Seventh point. I agree that with a lean & agile mindset, you have to appreciate the importance of opportunity cost. Specifically, that more time on a current assignment means less time is available on another, which may be equally important.

Eighth point. I agree that communication is key. As readers will appreciate, IIA standards do not demand that we write audit reports. Instead, they ask that we communicate in a clear, concise, and insightful way. It’s surprising how often I read audit methodologies that don’t emphasize the importance of timely communication with staff and managers. Timely communication is important because it: i) helps us see quickly when management do you not see the importance of what we have found, and ii) allows us to adjust what we are doing to have an impact.

This means that it is crucial when delivering assignments in a lean & agile way that we pay careful attention at the beginning of an assignment in relation to:

  • Known issues and current action plans
  • The expected controls that should to be in place (so that we can think in design terms) and
  • How significant findings should be (either actually or potentially) to persuade management to take action (so we can factor in risk appetite).
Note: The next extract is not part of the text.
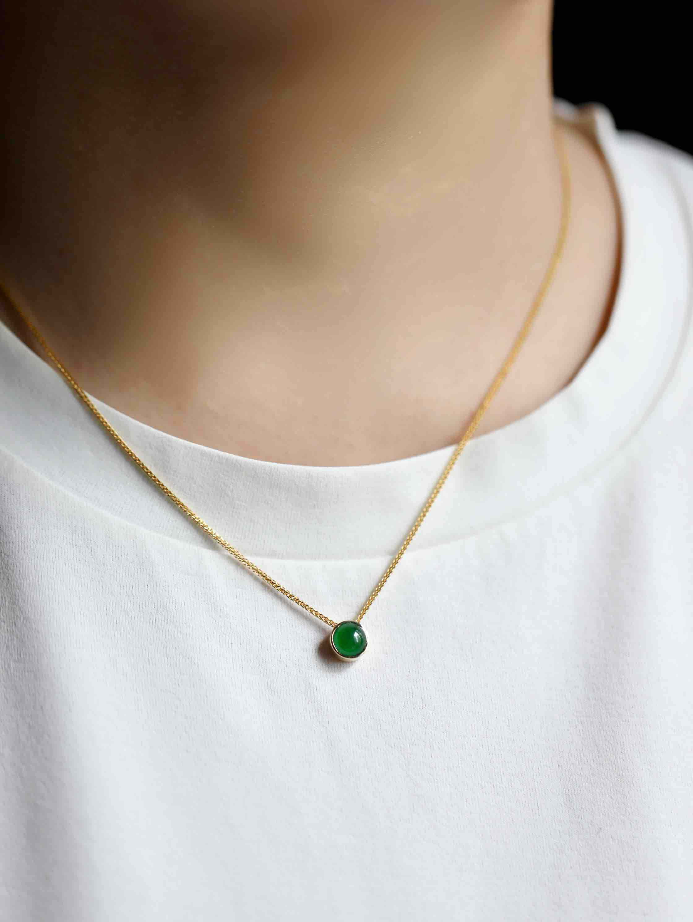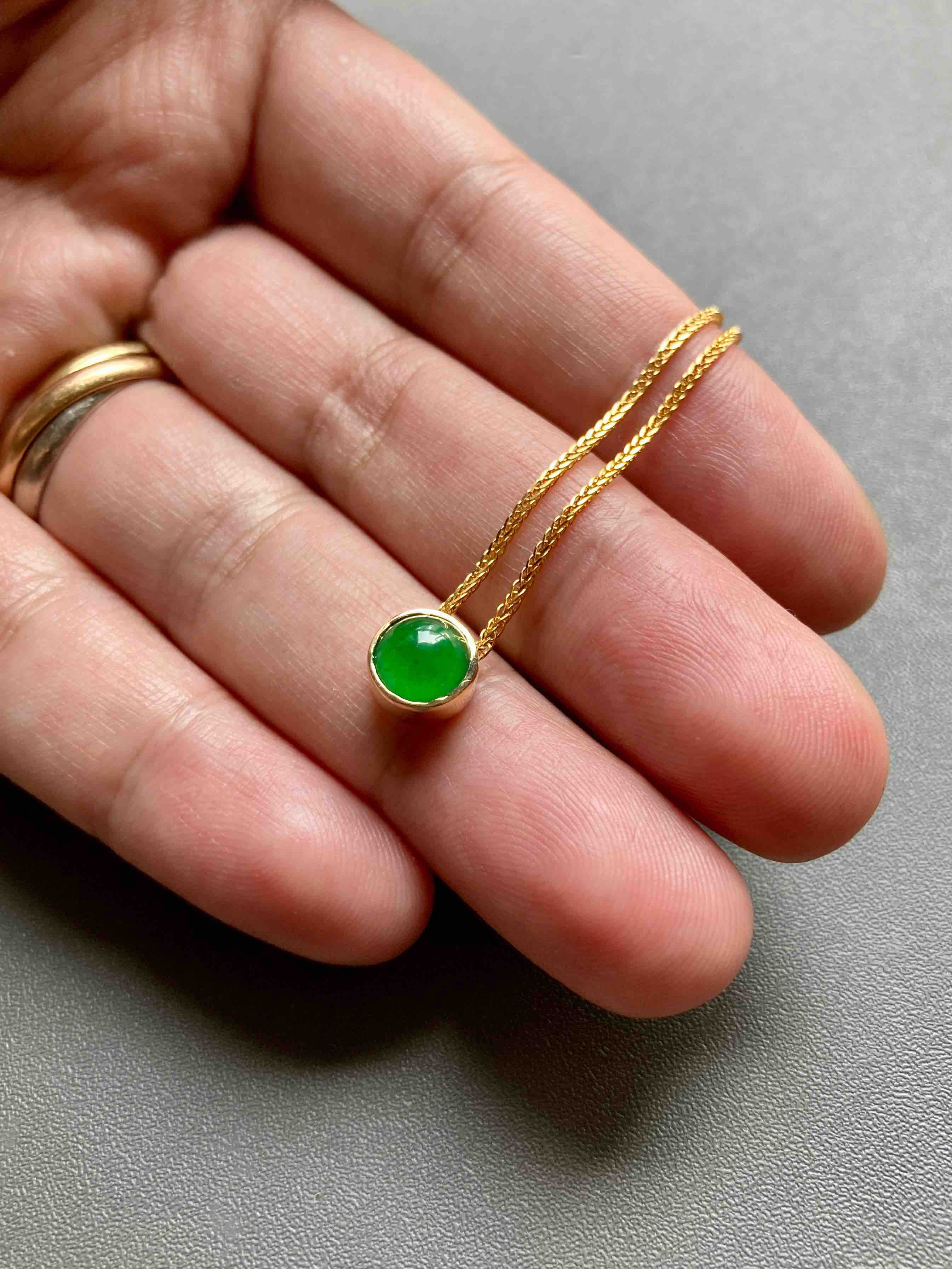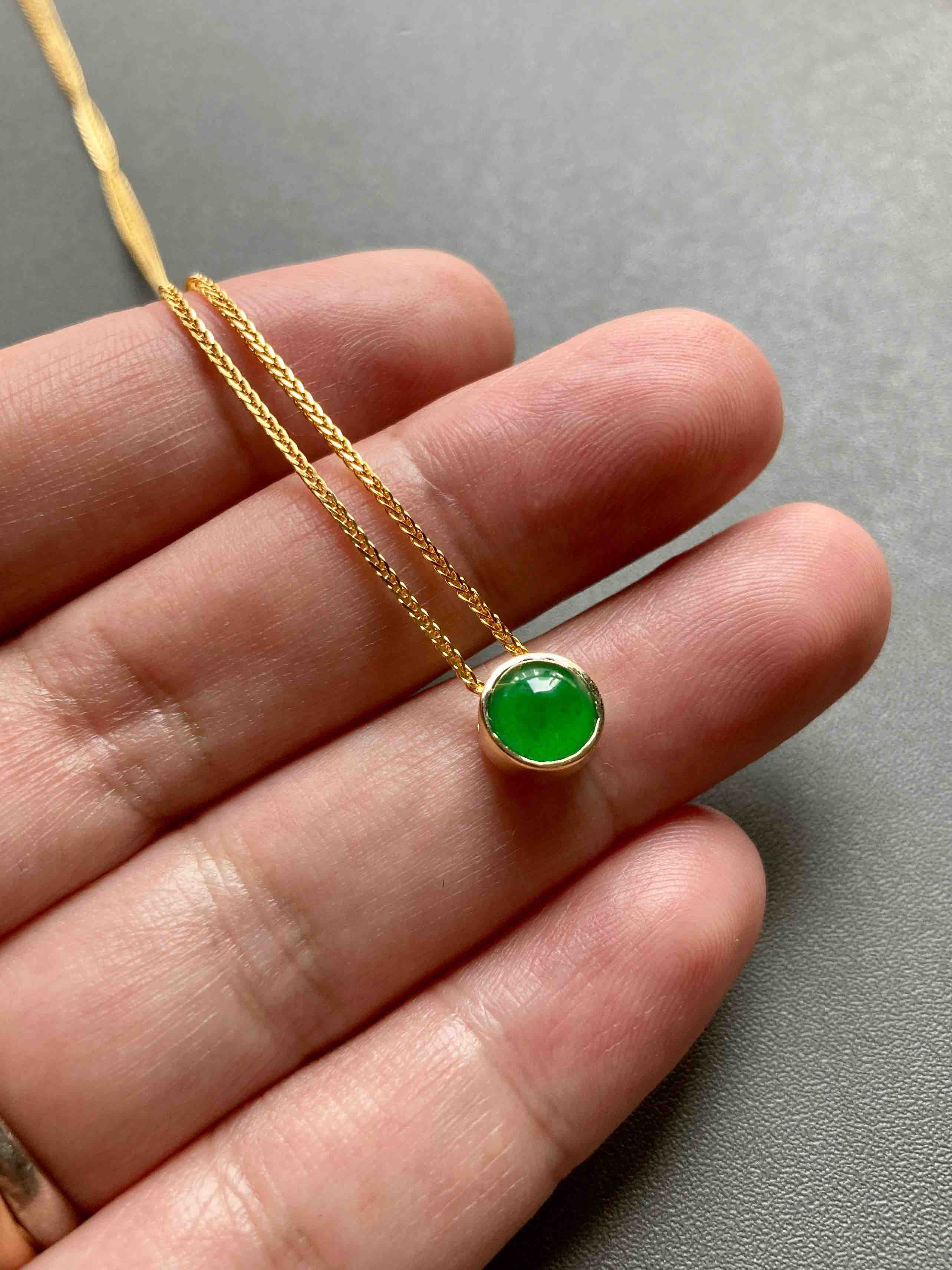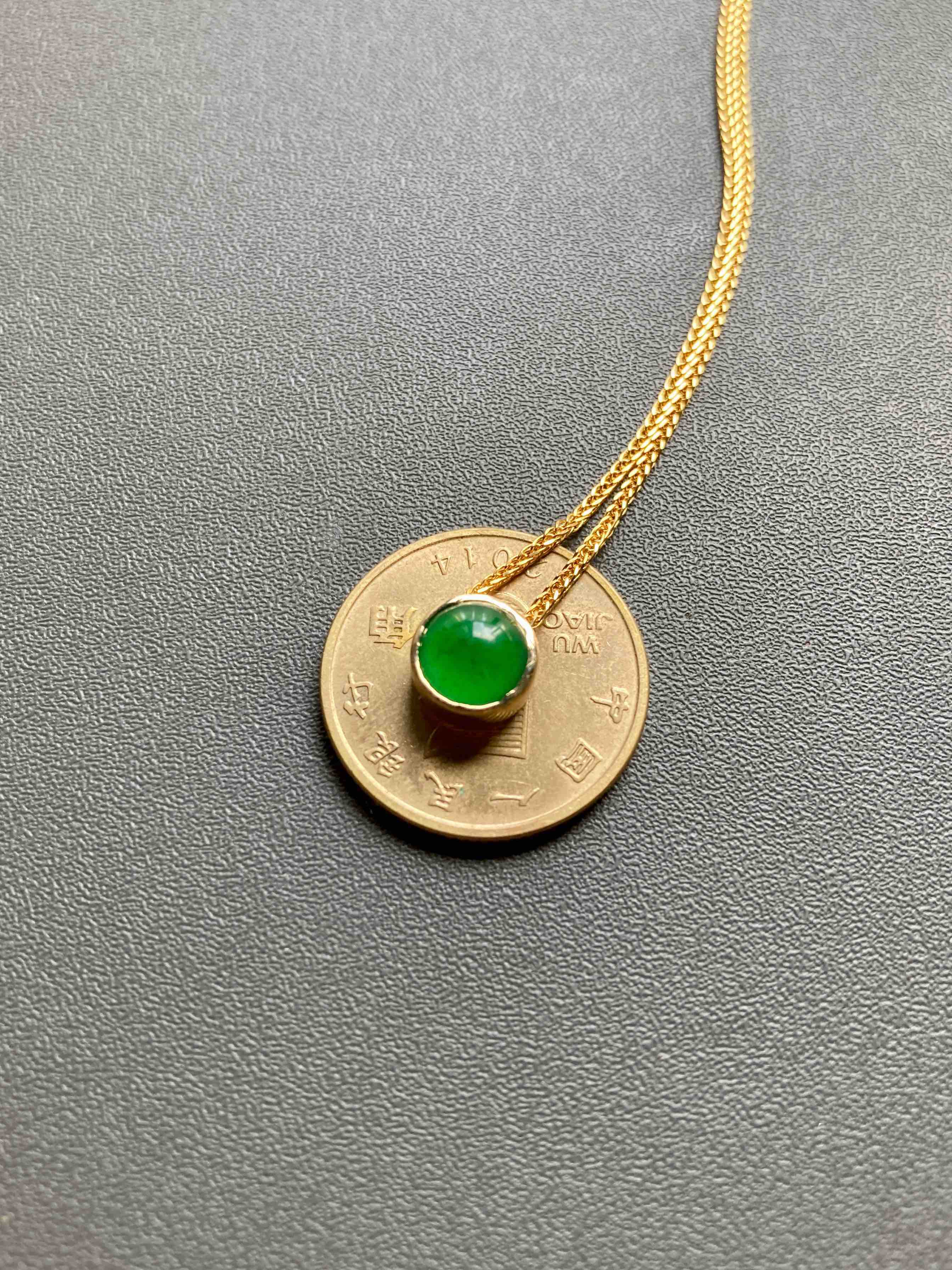 冰种阳绿翡翠蛋面吊坠18k黄金镶嵌

Ninth point. The audit planning process needs to change:

  • With more regular changes to the plan (without seeking approval for every change);
  • But recognising the role of management and other assurance functions (e.g. co-ordinated assurance)

10. At all times, we should seek to deliver assignments in line with IIA standards, because without sufficient care around: Criteria, Condition, Cause(s), Consequences and (robust) Corrective actions, internal audit functions become consulting departments rather than value-adding internal audit departments. This means we need robust evidence in areas where we are saying things are fine. We need these things to avoid “galloping” to a conclusion that proves to be unsound.

11. Being lean & agile means that it is all the more critical that we are crystal clear about what has and what has not been looked at by the assignment. We are a function that needs to deliver reasonable assurance, and this means we need to define carefully what has and has not been looked at those in terms of breadth and depth.

12. I agree that unless we are very careful “Agile auditing” could easily become a fad, mostly focusing on sprints, scrums, and stand-ups and delivering assignments ever quicker, but not always enhancing value and insight. And not conforming to IIA standards.

In summary, as I see it, lean & agile internal auditing (small a) is about professional auditing that:

  1. Understands how internal audit adds value (e.g. via the kano framework);
  2. Is clear who internal audit is adding value to (and it should not just be the person who is being audited);
  3. Delivers assignments with less waste (e.g. muda, mura and muri), on a timely basis,
  4. Delivers insights (e.g. through root cause analysis and benchmarking good practices)
  5. Communicates with impact (e.g. killer facts)

.. All of which is set out clearly in an assignment methodology that will pass an IIA EQA..

And above everything, all techniques – lean, agile, continuous auditing, data analytics etc., etc. should be seen as simply tools and frameworks that support progressive internal auditing, and not be seen as an end in themselves.